▶ **REQUIRED WORK**
Go to the line containing "Сколько реакций 🫶" and retype it and every later line exactly as written, up to the last line of the entries. Keep pictures out.

▶ **INPUT**

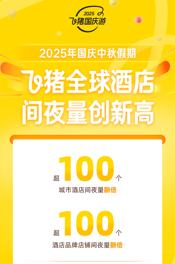 增势带动一批酒店商家在飞猪平台收获生意新增量。飞猪数据显示,超100个酒店品牌店铺间夜量至少翻了1倍。锦江、华住、首旅如家、万豪、尚美、希尔顿、亚朵、东呈、格林、程艺、德胧、万达酒店及度假村、慧友、凯悦、君澜等酒店品牌的官方旗舰店在“十一”黄金周综合预订情况突出,位居前列。
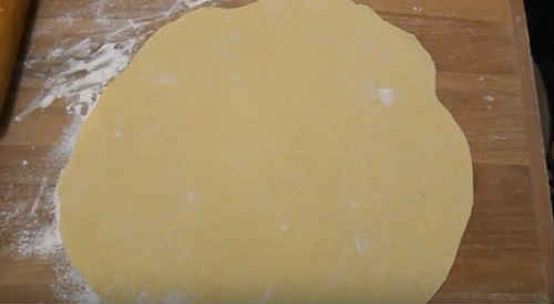 Припудріть робочу поверхню борошном, розкачайте тестовий ком в тонкий коржик. Товщину визначте самі, тільки не робіть занадто тонкою, щоб стінки вареників не рвалися при ліпленні й варіння (1,5-2 міліметри достатньо).
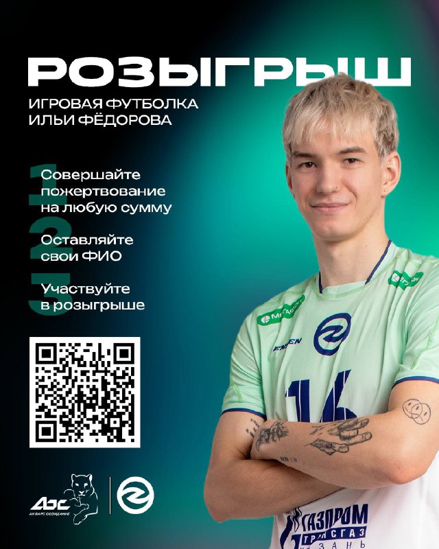 Сколько реакций 🫶 соберет черничная расцветка формы Ильи Фёдорова? ❤️🔥🫰 Напомним, что Илья совместно с Благотворительным фондом «АК БАРС СОЗИДАНИЕ» разработал специальную форму QR-код на рукаве
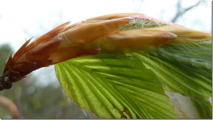 we have white toothwort. You may recall we’ve been waiting for beech buds to open. We’re using our patented time-lapse technique to show the process in slow motion. (Um, the technique is where you just look for a bunch of different buds, occasionally on different trees, at different stages in the process. I tell you, I am made of magic.)
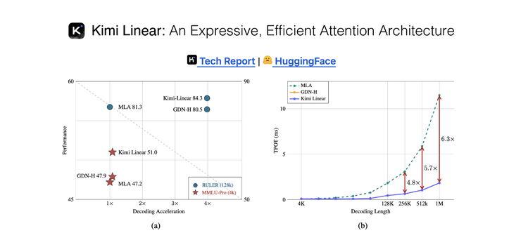 周昕宇的评论显然有所指,但“got your back”究竟是什么意思?答案在24小时后揭晓。10月30日,月之暗面发布了Kimi Linear,一个48B参数的混合注意力模型,声称在长上下文任务中KV Cache减少75%,吞吐量提升6倍。
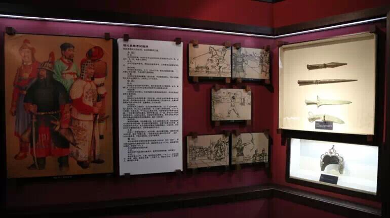 博物馆以时间为主轴,介绍了各朝代的武举制度。武举制度创立于唐代。公元702年,武则天创立武科举,为习武之人敞开了一扇跻身政坛之门。

▶ **OUTPUT**
 Сколько реакций 🫶 соберет черничная расцветка формы Ильи Фёдорова? ❤️🔥🫰 Напомним, что Илья совместно с Благотворительным фондом «АК БАРС СОЗИДАНИЕ» разработал специальную форму QR-код на рукаве
 we have white toothwort. You may recall we’ve been waiting for beech buds to open. We’re using our patented time-lapse technique to show the process in slow motion. (Um, the technique is where you just look for a bunch of different buds, occasionally on different trees, at different stages in the process. I tell you, I am made of magic.)
 周昕宇的评论显然有所指,但“got your back”究竟是什么意思?答案在24小时后揭晓。10月30日,月之暗面发布了Kimi Linear,一个48B参数的混合注意力模型,声称在长上下文任务中KV Cache减少75%,吞吐量提升6倍。
 博物馆以时间为主轴,介绍了各朝代的武举制度。武举制度创立于唐代。公元702年,武则天创立武科举,为习武之人敞开了一扇跻身政坛之门。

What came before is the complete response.